Relations between the two countries date back centuries to the medieval period. Cyprus was ruled by the French origin House of Lusignan (1192–1489), which established a Frankish kingdom on the island following the Third Crusade. The Lusignan period left a lasting cultural and architectural influence on Cyprus.

Modern diplomatic relations were established after Cyprus gained independence from the United Kingdom in 1960. France has traditionally supported Cyprus's sovereignty and territorial integrity, particularly following the 1974 events on the island. France is one of the countries that supports Cyprus's accession to the European Union.

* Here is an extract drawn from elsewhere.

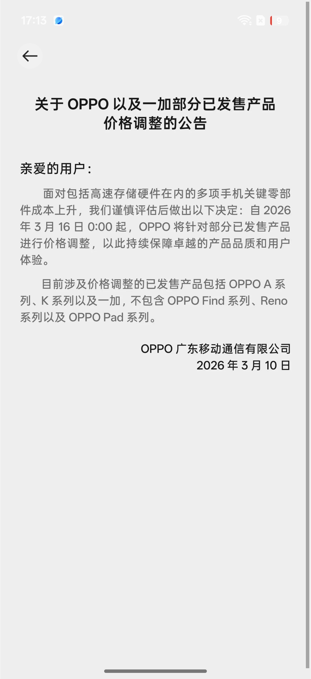我去官方商城看了一下,还看到了公告,这次受内存影响,高速存储硬件等手机关键零部件成本上升,部分在售产品也会调整价格,涨价原因可以理解,这波确实,内存涨,手机肯定也会跟着涨价,对很多性能机的影响很大,要买手机的得赶紧看看,不是厂商要涨价,真的成本问题,早买不仅早享受了,属于是价格也有优势了,行业普遍涨价也是早晚了。手机集体涨价原因OPPO涨价

== Defense and security cooperation ==
The two countries hold close defense cooperation that has helped consolidate their relations, as well as singing several bilateral defense agreements, meant to enhance the military coordination between the two in the Eastern Mediterranean. Both countries hold joint military exercises on a regular basis, as France regards Cyprus as a location in which helps it strengthen its strategic footprint in the region. Cyprus has shown interest in buying French military equipment, thus expanding their defense collaboration.

== Energy cooperation ==
Recent discoveries of hydrocarbon in the Eastern Mediterranean, have increased cooperation between the two countries, as France's multinational energy company TotalEnergies has been licensed to explore and drill in Cyprus's Exclusive Economic Zone (EEZ). France has expressed political support for Cyprus's sovereign rights to exploit natural resources within its EEZ in accordance with international law.

== Economic relations ==
France is an important trade partner for Cyprus within the European Union. Bilateral trade includes pharmaceuticals, machinery, agricultural products, and services. French companies operate in sectors such as energy, infrastructure, and defense in Cyprus, while Cypriot shipping and services firms maintain business links with France.

== Educational and cultural cooperation ==
The Alliance française of Limassol, in partnership with the Institut français, has for many years been a major player in the promotion of French language and culture in Cyprus. Several schools and universities offer French courses, strengthening the educational ties between the two countries. In an informal setting, French is taught in public structures such as the Public Language Institutes (150 learners in 2020–2021), the Supplementary Education Centers (90); at the Cypriot Academy (90); or in the private sector at the French Institute (400 learners), or in the AF of Limassol and Paphos (111 learners). In addition, the presence of L'école Franco-cypriote, has strengthened relations between Cyprus and the French language. The Franco-Cypriot school also aims to promote French and Cypriot languages and cultures, in a European and international perspective.

== 2026 ==
During the 2026 Iran conflict, drone were sent targeting Cyprus, mainly targeting the RAF Akrotiri. Following this attack France sent anti missile and anti drone systems to Cyprus. On 9 March 2026 President Macron landed for a visit in Cyprus, expressing solidarity after the Iranian attack. He will meet with Cypriot President Nikos Christodoulides and Greek Prime Kyriakos Mitsotakis.